Renoir dragged a hand through his hair, chuckling. “Dear one, you would not like my response.”
He was here because she was; he would remain as long as she did. He had waited the better part of a century for her—what was one morning in the face of that? A hint of pink, entirely divorced from the cold, flared in her cheeks. Her lashes fanned across her cheek, pretty and dark. “We’re liable to freeze.”
“Perhaps,” he agreed, shrugging. “You can’t deny something is compelling in the idea.” Aline snorted, arching one brow. Some of the tension bled from her shoulders in the face of her genuine amusement. “The Writers would certainly revel in it: the Dessendre heirs, undone by fire.”
“The Patriarch and Matriarch, found frozen in each other’s arms,” she finished, turning her attention to the final rose. “I expect it’s how the majority of Parisian nobility would anticipate us going.”
“It strikes me as a perfectly agreeable way to die.”
Aline rolled her eyes. “Hush.” The Paintress sighed, scanning his face. She dropped her eyes. “Would you—”
He plucked her jacket from the bench without comment, draping it over her shoulders. Renoir half-turned her towards him, scrubbing his hands up her arms. The woman flashed him a gentle smile.
They sat in silence as she finished her final rose. Aline sat back with a distant, dreamy little expression. Renoir touched her cheek. She did not shy away. Something clenched in his heart at that—not love, but hope. Somehow, it was sweeter.
Her hand slipped to her opposite side, plucking something from beneath the fabric of her gown—a final rose, a deep, rich crimson. “I lied. I brought—” she tossed her head, grumbling, “One rose for a gentleman.”

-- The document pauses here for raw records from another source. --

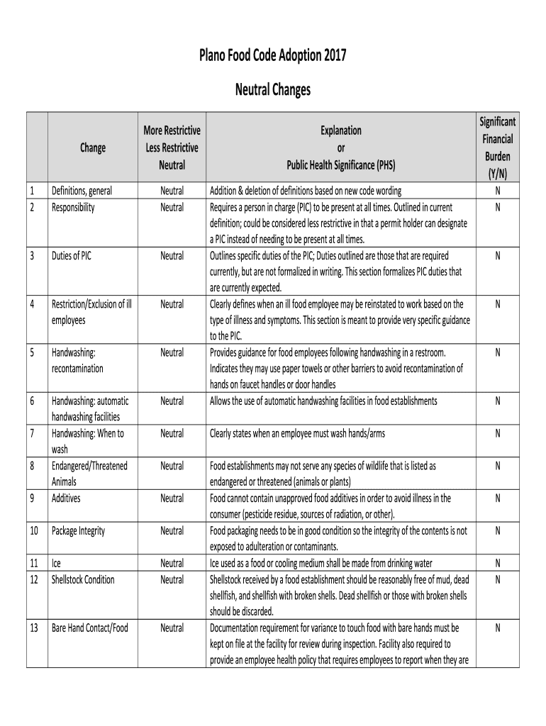 Plano Food Code Adoption 2017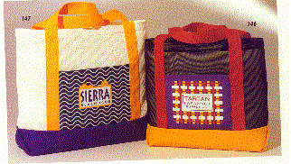 We have many types of bags available available in various color combinations, materials and imprinting methods. We are presenting just a few of our bags below. For specific needs please contact us at 800 960-9080 or 206 285-5359 (Seattle) and we will be glad to send out a catalog of your choice. Please call us at 800 960-9080 or 206 285-5359 (Seattle) Our email address is donace@promotionalproductsandideas.com or don_shepherdson8@msn.com
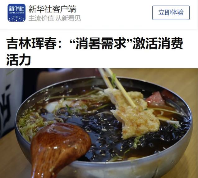 新华社客户端推出《吉林珲春:“消暑需求”激活消费活力》,报道在珲春市,从餐饮到家电,各类消暑产品销量激增,冷面、空调等夏日“刚需”商品持续走俏,为消费市场注入强劲动能。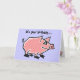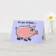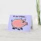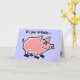 Hilarious cartoon pink pig birthday card design. It says: It's your birthday outside and inside it says: Where's the cake! (along with another little piggy). He's cute and funny and full of personality. Can also add custom text when ordering

“May I?” He asked. Aline hesitated, then nodded. Renoir took the flower from her, careful of the thorns. “How does it begin again?”
Aline chuckled, brushing her hair behind her ear. “He loves me—” Renoir tossed the entirety of the rose alongside the sea of petals. His wife stared at him, wide-eyed. “Renoir!”
“Ah, have I played it incorrectly?” His eyes glittered with naked mischief. “My apologies, mon amour.”
Aline shook her head, chewing the inside of her cheek. She leaned against his side. “Cheat.”
“Honest,” he corrected, pressing a kiss to her temple. And for as cloying as it might have been, for however frequently she might have teased him for his penchant for theatrics and romanticism, Aline said nothing. She curled against his side instead, slipping one cold hand inside his jacket pocket, curling it over his hip.
They sat a while longer, watching the petals drift on the surface of the pond, before returning to the manor.